Basically I enjoy driving more in Tiptronic mode. Yes, I I'd much rather have a manual but it wasn't my choice.

Is driving everyday using Tiptronic bad for the engine or transmission? 

Thanks


----------



## spacedout (Dec 7, 2010)

0-30mph city driving I use light throttle and full automatic mode, once in M5 speed range I use manual mode the rest of the time. I have just under 100,000 miles and have noticed no extra wear using the transmission & shifter as designed.


----------



## Mr Cracker (Apr 26, 2015)

Thanks , I will stick to driving in manual mode, unless specified otherwise. It's just more engaging and fun.


----------



## Mitchell (Dec 6, 2014)

Same with me. I'm the first owner of my 2014 LT Cruze and use the slap shift frequently because I do a lot of city driving. So far I've accumulated 45,500 miles with no engine or transmission problems.


----------



## money_man (Feb 25, 2014)

I enjoy it for one specific ramp by my house where you come off one highway and jump onto another. But the ramp is a shared on ramp/off ramp, so I use the manual mode to put my rims around 1800 so that I can shoot right out.


----------



## pL2014 (Dec 29, 2013)

I use manual mode quite a lot in the winter especially when the engine is still cold as that transmission just refuses to shift and I prefer to keep the rpms low. Does take a little longer to warm up that way, but that has been minimized since we bought a new place with a semi-heated attached garage.


----------



## sparkman (Oct 15, 2015)

I use manual mode on entrance ramps and on the curvy roads I live around.
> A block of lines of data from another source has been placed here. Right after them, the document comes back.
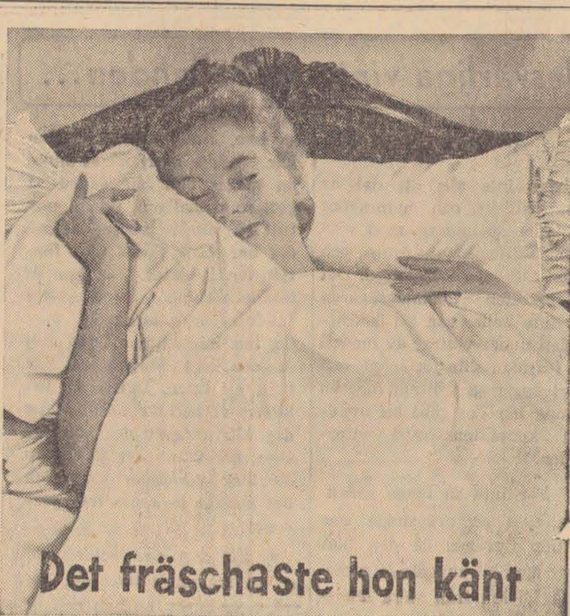
Det fräschaste hon känt

Under den senaste tiden har en utredning verkställts om möjligheterna för bildandet av en föreläsningförening i Lin-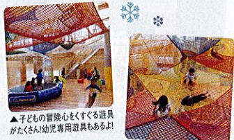
◆天井の大型ネットは雲の上にいるような感覚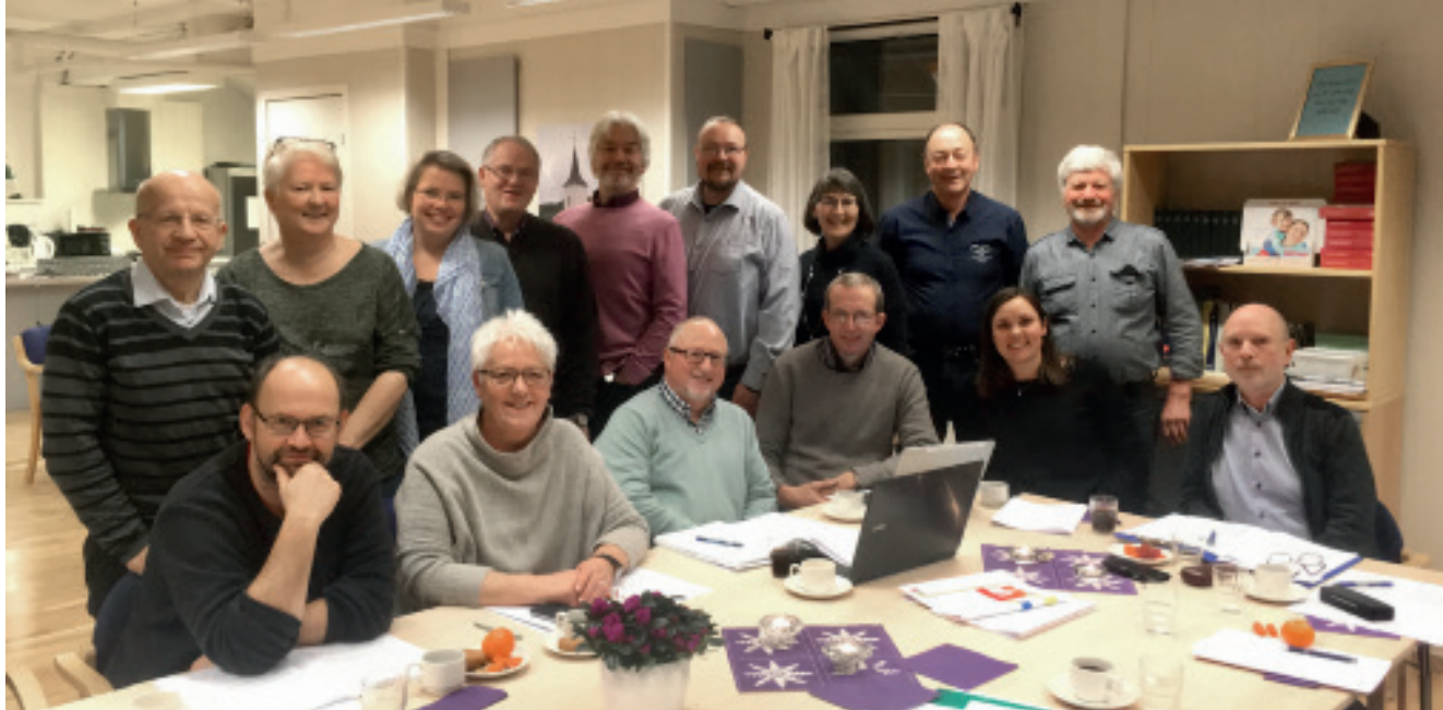
Kyrkjeleg fellesnemnd med representantar frå Meland, Radøy og Lindås

It's nice to figure out the power band and come out of a corner with some good momentum.


----------



## jsusanka (Jan 31, 2011)

I use it a lot. Especially when I am down town doing a lot stop and go. I think it saves the transmission since it isn't hunting when you are not going that fast. I do enjoy it to. Ever since I put it all Amsoil transmission fluid it shifts a lot better in manual mode.


----------



## anthonysmith93 (Jul 15, 2015)

I use it in stop and go traffic as well, hate using the automatic because it goes in and out of gears too often when in 0-30-0 mph traffic


----------



## Mr Cracker (Apr 26, 2015)

sparkman said:


> It's nice to figure out the power band and come out of a corner with some good momentum.


I love that feeling as well! :th_salute:


----------



## cruzer1026 (May 12, 2012)

pL2014 said:


> I use manual mode quite a lot in the winter especially when the engine is still cold as that transmission just refuses to shift and I prefer to keep the rpms low. Does take a little longer to warm up that way, but that has been minimized since we bought a new place with a semi-heated attached garage.


Definitely why I use it in winter as well.


----------